Rien à voir, donc, avec une vocation de dernière minute! Le pasteur se dit même certain de sa victoire en avril 2021. Il promet d’instaurer une paix séraphique dans le pays et de régler les problèmes qui en minent le développement. «Quand Dieu envoie une vision, il envoie toujours la provision. Cette provision, c’est les hommes de Dieu, le peuple béninois», insiste-t-il, confiant.
Les prélats de l’équipe adverse sont paraît-il, moins nombreux… et moins chanceux. En septembre dernier, un autre pasteur ayant exhorté le Président Patrice Talon à briguer un second mandat (alors que celui a été élu en 2016 en partie sur la promesse de n’en accomplir qu’un seul), a été carrément suspendu par son Église évangélique des Assemblées de Dieu. Entre-temps, la candidature du Président sortant se fait toujours attendre.
Loin d’être des cas isolés
Ces faits sont loin d’être incongrus dans la région. Au Togo, le voisin occidental du Bénin, c’est le Saint-Esprit qui a été à l’œuvre lors de la présidentielle du 22 février 2020. L’archevêque émérite de Lomé, Mgr Philippe Fanoko Kpodzro, qui n’est pas n’importe quel prélat puisqu’il a déjà présidé au nom de l’église catholique en 1991 la Conférence nationale souveraine du Bénin, a tenté d’imposer un candidat unique de l’opposition togolaise à ce scrutin majeur.
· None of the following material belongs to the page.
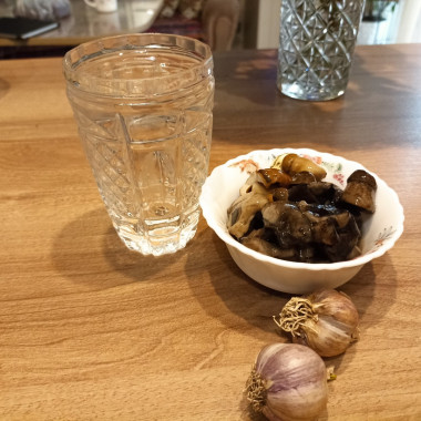 Отзыв 1: Ничего лишнего, все на месте, только стопка самогона и закуска к ней. Огурчики,чеснок и лук вписываются в фото идеально. Кстати, идея положить перья лука на стопку, довольно креативная, за этот шаг дополнительный плюс автору рецепта. Особенно понравился рассол в банке на заднем фоне. Видно, что крепкий, хороший такой. Т.е. на фото сразу продумано все, употребление напитка, закуска и то, что будет на похмелье. По-моему, отлично все получилось.

Cinq hommes politiques, sûrement les moins dévots de toute la classe politique togolaise, se sont tout de même présentés au scrutin qui a été remporté, haut la main, par le sortant Faure Gnassingbé.
Poursuivre la domination exercée au nom de la religion
La propension des leaders religieux des deux pays à prendre part à la politique, et même à briguer la magistrature suprême, est «compréhensible» au vu du rôle déterminant que la religion a joué autrefois dans l’action politique, selon Éric Pali, enseignant de sociologie politique à l’université de Lomé, interrogé par Sputnik.
C’est plus particulièrement le cas au Bénin, temple du vaudou (religion traditionnelle), où les animistes (18 % seulement de la population d’environ 11 millions d’âmes) continuent de côtoyer une majorité (53%) de chrétiens, catholiques et protestants. Toutefois, ce pays est confronté, depuis quelques décennies, à une montée remarquable des églises évangéliques.
«Ces pasteurs s’affirment en capacité de résoudre les problèmes des citoyens, exploitent donc leur position d'hommes de Dieu, pour planifier la conquête du pouvoir. Les “missions divines” ne sont qu’un moyen de mobilisation électorale pour la conquête du pouvoir politique», conclut-il.